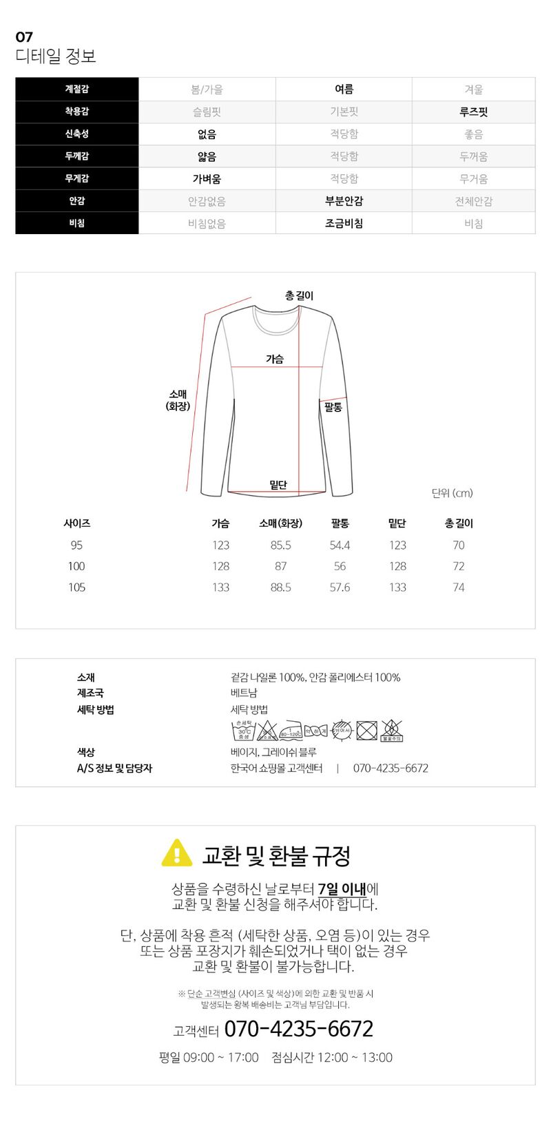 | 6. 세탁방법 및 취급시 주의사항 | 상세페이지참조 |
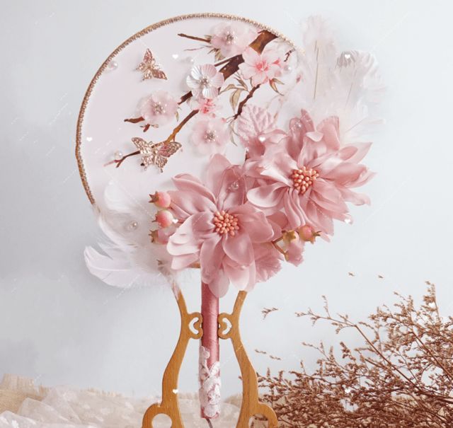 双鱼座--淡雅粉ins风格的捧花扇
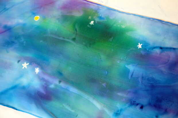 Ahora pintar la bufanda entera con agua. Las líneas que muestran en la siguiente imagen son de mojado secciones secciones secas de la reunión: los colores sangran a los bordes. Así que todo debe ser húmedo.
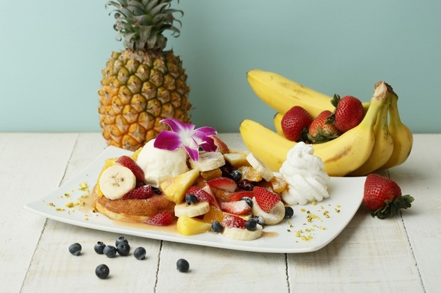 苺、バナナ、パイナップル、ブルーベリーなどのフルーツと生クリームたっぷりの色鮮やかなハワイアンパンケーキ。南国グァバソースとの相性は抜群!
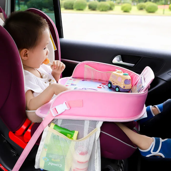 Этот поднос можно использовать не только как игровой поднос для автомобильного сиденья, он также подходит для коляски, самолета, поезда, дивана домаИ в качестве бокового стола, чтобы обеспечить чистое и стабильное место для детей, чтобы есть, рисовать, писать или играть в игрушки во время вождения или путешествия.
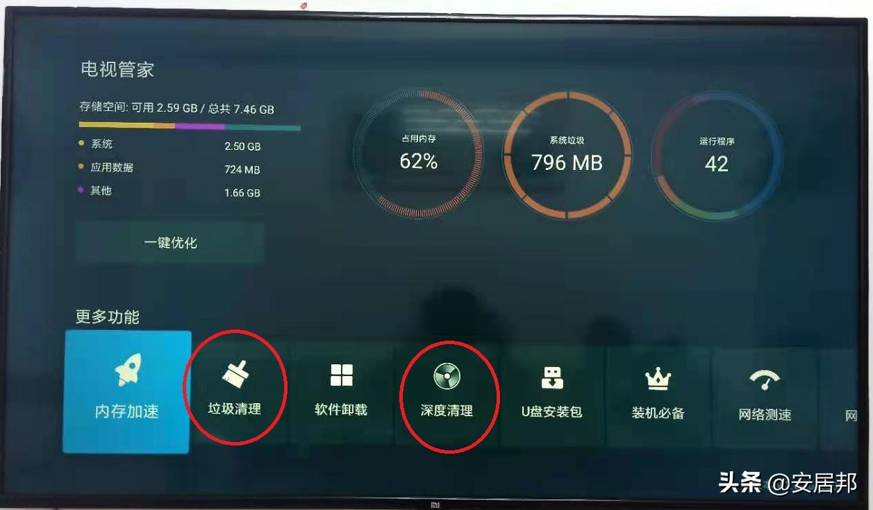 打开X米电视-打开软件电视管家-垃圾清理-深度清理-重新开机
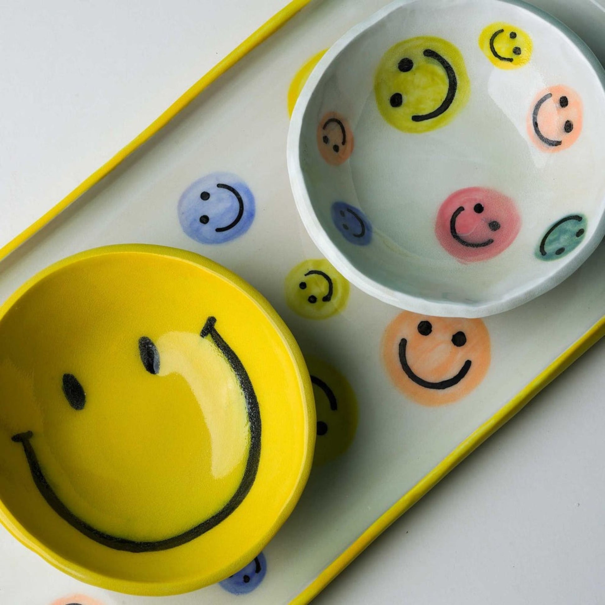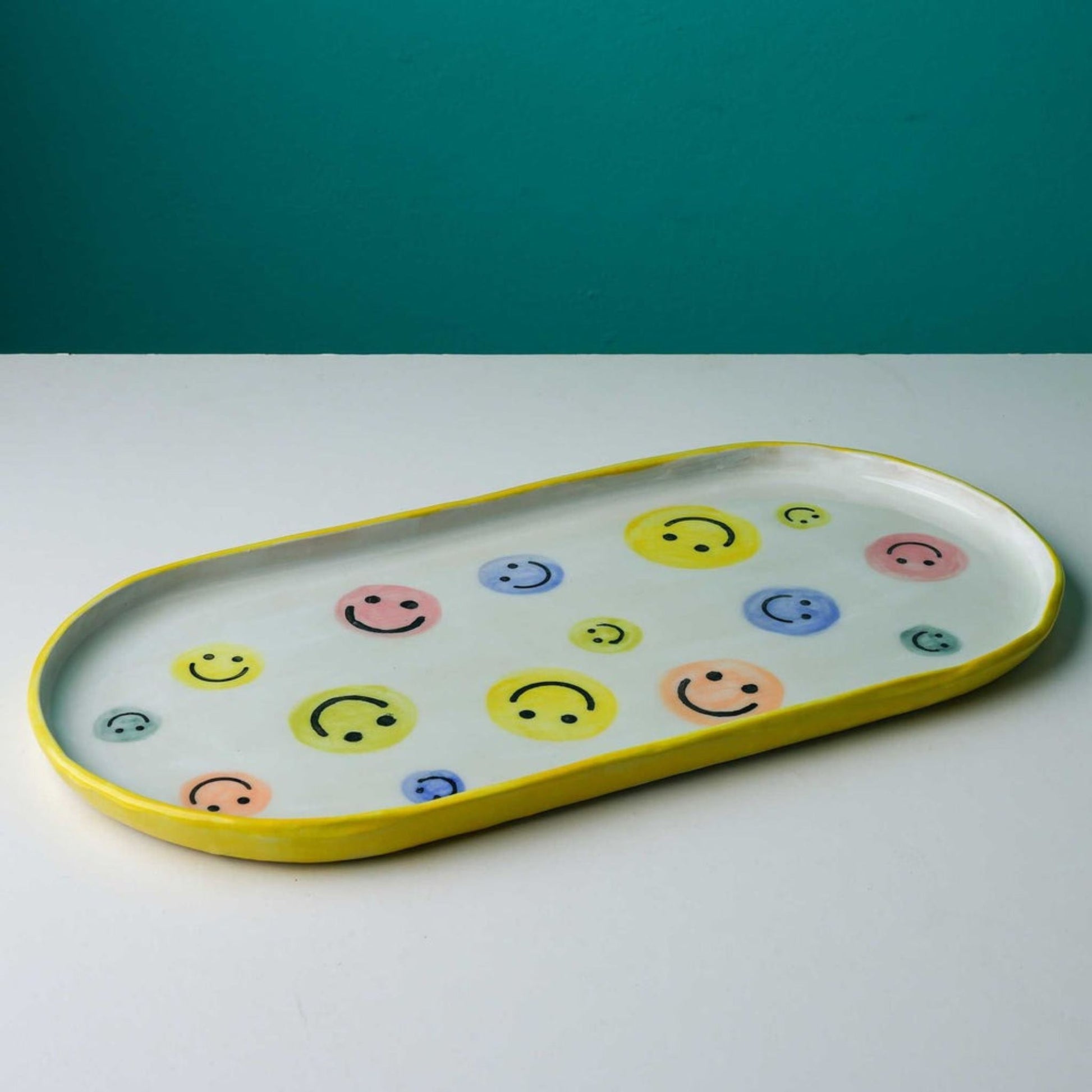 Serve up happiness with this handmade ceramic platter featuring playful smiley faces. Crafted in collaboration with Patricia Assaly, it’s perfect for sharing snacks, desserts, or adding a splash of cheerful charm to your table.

• • • • •

### Work to be completed
Restate the lines above exactly, from the one bearing "苺、バナナ、パイナップル、ブ" through the final line of the material, both included, omitting pictures.

### Task answer
 苺、バナナ、パイナップル、ブルーベリーなどのフルーツと生クリームたっぷりの色鮮やかなハワイアンパンケーキ。南国グァバソースとの相性は抜群!
 Этот поднос можно использовать не только как игровой поднос для автомобильного сиденья, он также подходит для коляски, самолета, поезда, дивана домаИ в качестве бокового стола, чтобы обеспечить чистое и стабильное место для детей, чтобы есть, рисовать, писать или играть в игрушки во время вождения или путешествия.
 打开X米电视-打开软件电视管家-垃圾清理-深度清理-重新开机
 Serve up happiness with this handmade ceramic platter featuring playful smiley faces. Crafted in collaboration with Patricia Assaly, it’s perfect for sharing snacks, desserts, or adding a splash of cheerful charm to your table.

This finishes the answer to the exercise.